Assumption: "This dataframe has no nulls."
Defensive Code:
df = pd.read_csv("data.csv")
assert df.isnull().sum().sum() == 0, "Input data contains NA values!"
If the data is bad, the script crashes immediately, saving you from training a model on garbage data for 4 hours before realizing something was wrong.
2. Parameter Validation
When writing functions, validate inputs first.
def calculate_metrics(y_true, y_pred):
if len(y_true) != len(y_pred):
raise ValueError(f"Shape mismatch: {len(y_true)} vs {len(y_pred)}")
# ... logic ...
3. Graceful Error Handling (try/except)
Sometimes, you expect things to fail (e.g., a network request). Handle these known errors gracefully.
Bad:
response = requests.get(url) # If this fails, script crashes completely
data = response.json()
Good:
try:
response = requests.get(url, timeout=5)
response.raise_for_status() # Raise error for 4xx/5xx status codes
data = response.json()
except requests.exceptions.RequestException as e:
logger.error(f"Failed to fetch data: {e}")

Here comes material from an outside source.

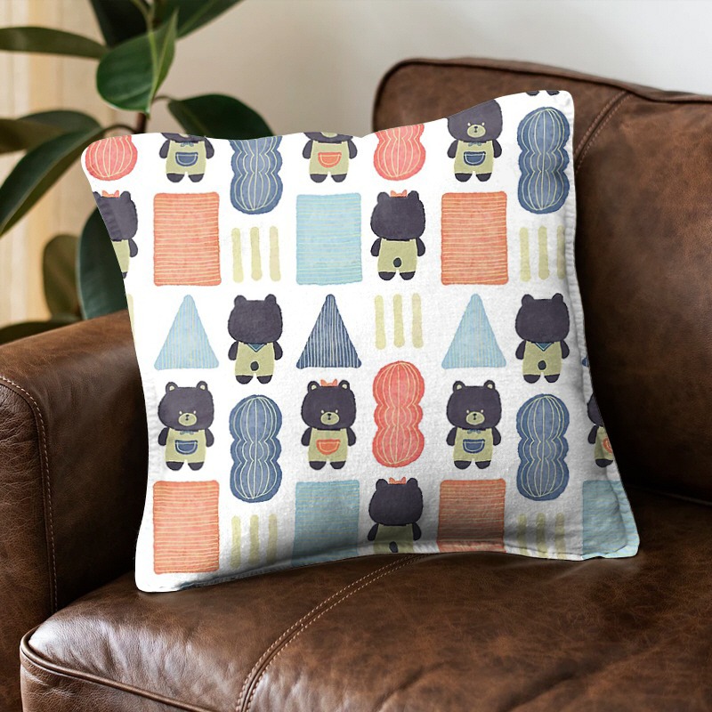 A girl bear wearing a ribbon, and a boy bear with a bandana around his neck.
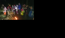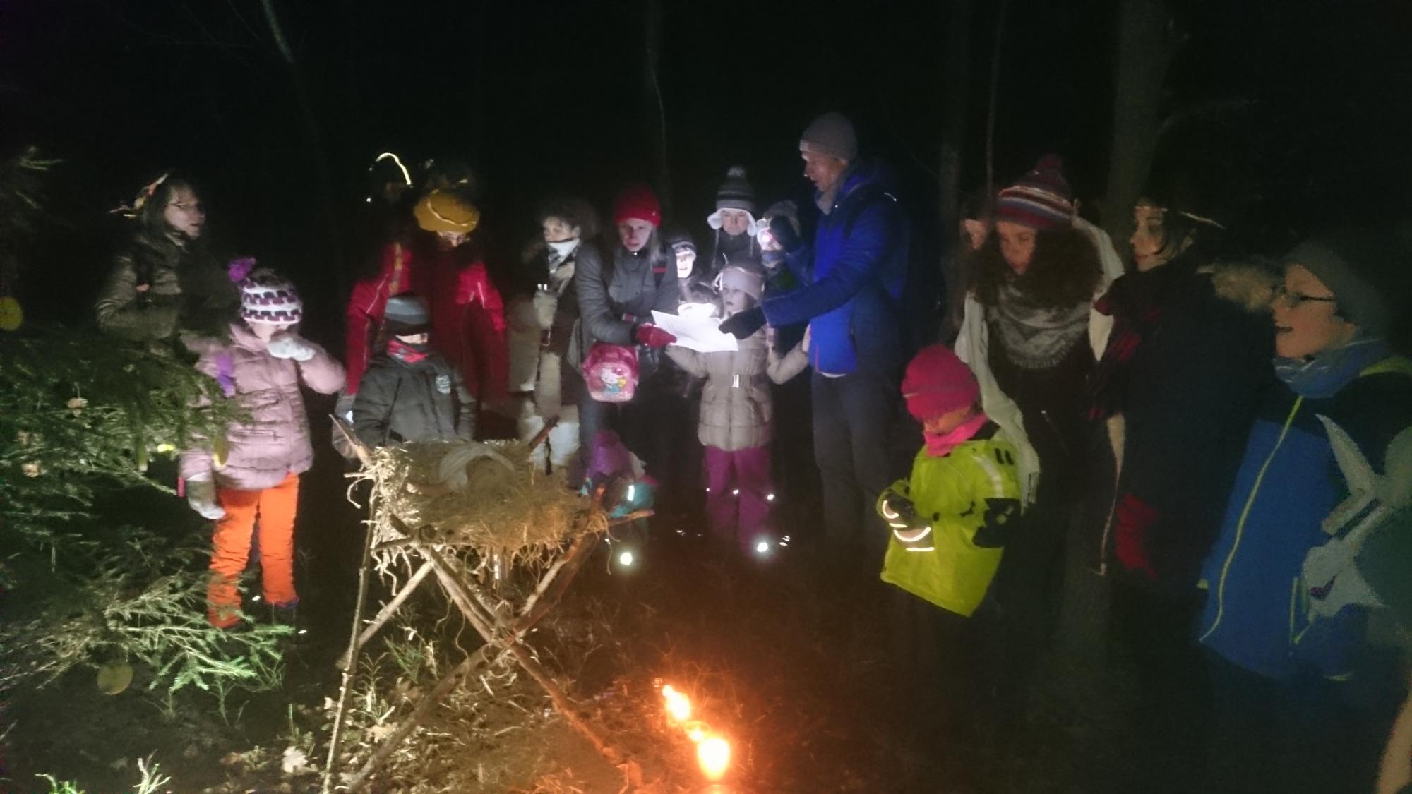 Lassan megérkeztünk az előre gondosan kiválasztott helyszínre. Itt Gyimesi Zoltán cserkészparancsnok-helyettes értő irányítása mellett a fiúk jászolt építettek, mialatt a kislányok a 14 éves Beátával egy kisebb fenyőfát díszítettek fel madáreledellel. Míg folytak az előkészületek, én furulyáztam a megbeszélt karácsony énekeket az anyukákból, apukákból összeállt alkalmi kórusunknak. Később letelepedtem a feldíszített fa mellett lévő tuskóra, és citerámat pengetve teremtettem ünnepi hangulatot a munkához. Mire teljesen besötétedett, már csak az üvegekbe gondosan elhelyezett mécsesek, gyertyák világítottak. Megkezdődött alkalmi eladásunk. Míg kórusunk citerakíséretemre énekelt, a szereplők eljátszották a cselekményt. Mária szállást kért a bő kovácstól, aki ezt megtagadta tőle. Vak leánya azonban elvezette őt az istállóba a jászolhoz. Itt az angyalok segítségével megszületett a kis Jézus. Majd József Máriával visszament a bő kovácshoz szemrehányást tenni, amiért nem adott szállást Máriának. Ezután sorra énekeltük a karácsonyi énekeket, az erdő friss levegője szentelte meg ünnepünket. Kiosztották az ajándékokat: cserkész naptárakat, szaloncukrokat. Előkerültek a sütemények is a gyermekek nagy örömére. Szerencsére meleg innivalóban sem volt hiány. Ha kissé átfázva is, de jólesett hazafelé a séta, s a közel negyven fős csapat maga után rendet hagyva, nagy élménnyel gazdagodva hagyta el az erdőt.

data = None # Or return a default value / retry
4. Type Hinting (Again)
Type hints are a form of defensive programming. They catch errors before code even runs (if you use a linter).
Summary
- Trust no one (especially not your data source).
- Assert your assumptions.
- Catch specific exceptions (never just
except:). - Fail fast so you can fix it fast.
Robust code is confident code.